Бум жуков, сказал Окумото, – это всего лишь один из элементов особой национальной близости к природе. Он говорил о повышенном видовом эндемизме островной экосистемы Японии, о том, как это необычное разнообразие животных и растений и в особенности насекомых воспитывает чрезвычайную восприимчивость среди человеческой популяции страны. Он говорил о землетрясениях и тайфунах, о том, как эти чересчур привычные события порождают интуитивную осведомленность об окружающей среде. Он говорил о роли анимизма, синтоизма и буддизма в формировании глубокой «экологической» этики, которая до сих пор пронизывает повседневную жизнь японцев, хотя религиозные обряды в целом совершаются реже. Он говорил о спорных исследованиях аудиолога Таданобу Цуноды в семидесятые годы ХХ века, которые наводили на вывод, что мозг японцев особо настроен на восприятие звуков природы, в том числе песен сверчков [500]. Он говорил об экстраординарном выражении привязанности высокой культуры к насекомым, которое можно наблюдать в литературе и живописи. И, попросив у меня блокнот, нарисовал диаграмму – схематическое изображение идеальной японской жизни, которое Си-Джей позднее снабдил для меня аннотациями:

«Это была идеальная жизнь идеального мужчины, находящаяся вне времени, классическая, идеальная жизнь ученого или аристократа».


Инсектопедия

Профессор Окумото предложил нам это как схему прочной национальной традиции, изящно-простое резюме сложной идеологии. Он нарисовал три возраста человека в виде дуги от детства до старости, от беспечных друзей, гоняющихся за стрекозами и золотыми рыбками, до медитативного уединения на закате жизни; он сообщил, что на каждом этапе есть предметы и виды деятельности, уместные для правильной формы саморазвития (от кабутомуси и светляков к ка-чо-фу-гецу – цветок/птица/ветер/луна, созерцанию тонких нюансов природы, а затем к выращиванию хризантем); он объяснил, что эти простые практики могут (даже в столь элементарной версии) создать осмысленную японскую жизнь.
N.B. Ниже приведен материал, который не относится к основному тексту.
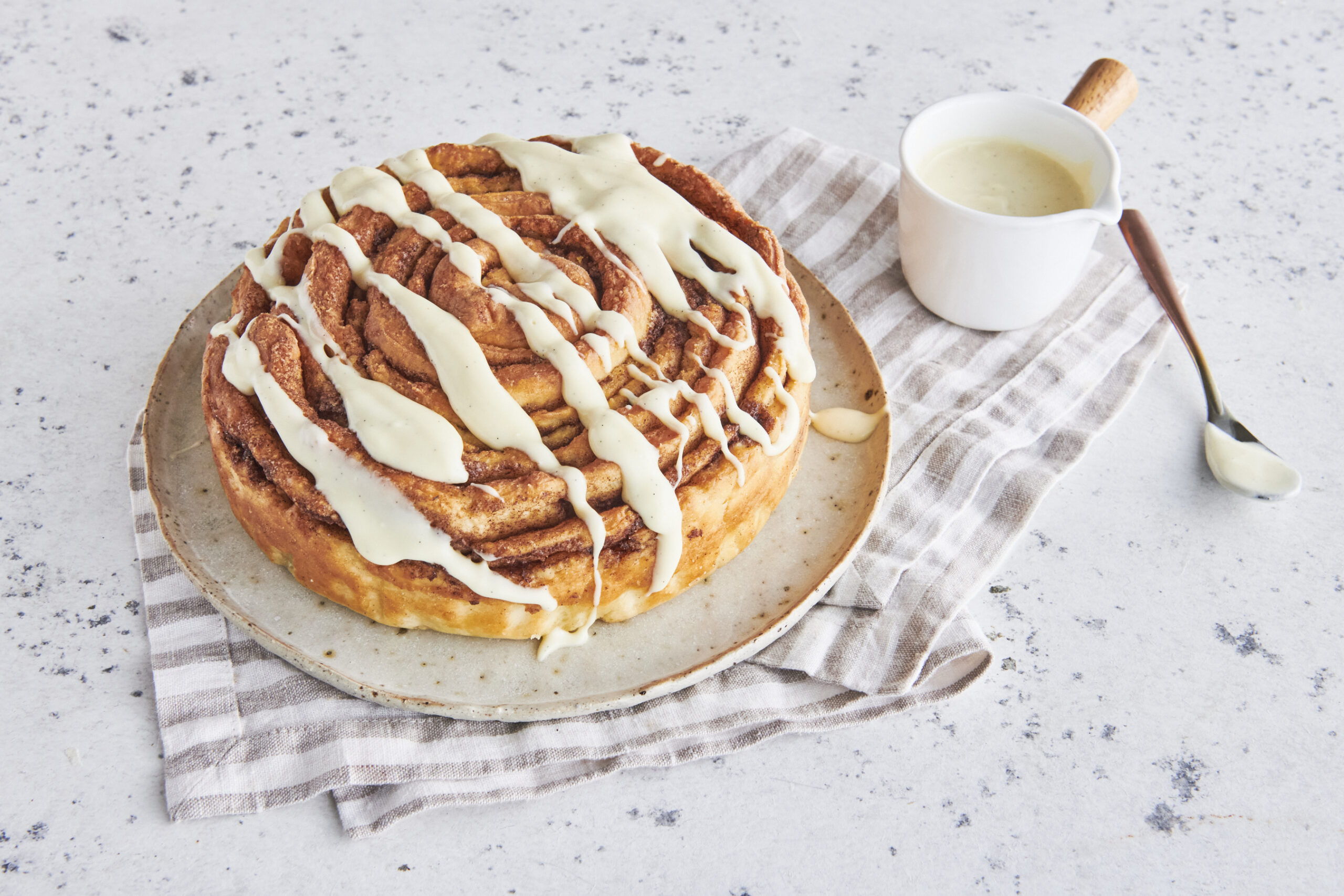 Air fry at 160°C for 20-25 minutes, check the scroll halfway through the cooking time and once the top is golden, cover with foil for the remainder of the cook. Set aside to cool for a few minutes before frosting.
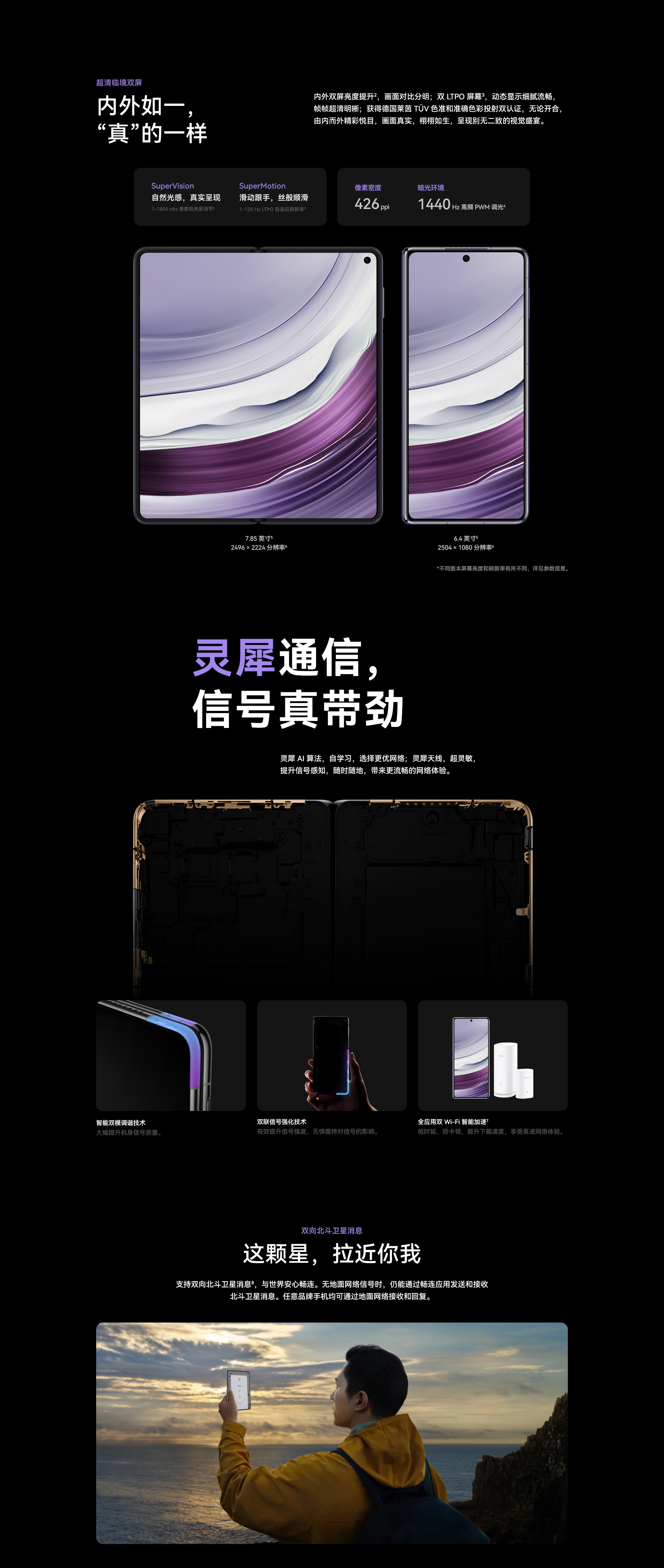 其他屏幕參數(shù):主:1440Hz高頻PWM調(diào)光,昆侖玻璃 副:1440Hz高頻PWM調(diào)光,昆侖玻璃,1-120Hz LTPO自適應(yīng)刷新率,最高300Hz觸控采樣率

Пока профессор говорил, мне и Си-Джею пришло в голову, что эти формы игры, культуры и созерцания – то самое стремление, нечто, сулящее удовлетворенность и самореализацию, связывающее воедино многих любителей насекомых, с которыми мы повстречались. Его схема напомнила нам о тоске по чистоте эмоций, которая сквозит за стихами Куватана о насекомых. Это обрамление для историй о любви к насекомым как одной из стадий воспитания при формировании человека в целом.

Это антитеза урбанизированной, забюрократизированной современной жизни, недоступная большинству людей даже в детстве, так что в качестве модели образа жизни она играет преимущественно роль критики. Это часть созвездия тех утопических историй о насекомых, к которым относятся хиповский город Миядзаки, тайные джунгли Тэдзуки, стихи Куватана и полные надежд уик-энды кадзоку-сервис. И, как и всё это, оно отчасти объясняет ту эмоциональную нагрузку, которую взваливают на себя японские насекомые по просьбе человека, некоторые из желаний, которые, похоже, охотно выполняются насекомыми.

4

До 1999 года большинство японских любителей насекомых знало иностранных жуков-оленей и жуков-носорогов только по журналам, телепередачам и музейным экспозициям. Эти насекомые часто были крупнее и внушительнее, чем местные виды; у некоторых рога были длиннее, туловище – крупнее, окраска – эффектнее. Но закон о защите растетий от 1950 года запрещал частным коллекционерам доставлять этих жуков в Японию. Правда, за содержание или продажу таких запретных животных, если уж они попадали в страну, никакого наказания не полагалось, и эта аномалия позволяла существовать бурному черному рынку, астрономическим ценам и прибыльной индустрии контрабанды, которую, по слухам, контролировали якудза. И всё же это касалось относительно небольшого числа насекомых и избранного круга коллекционеров – людей состоятельных.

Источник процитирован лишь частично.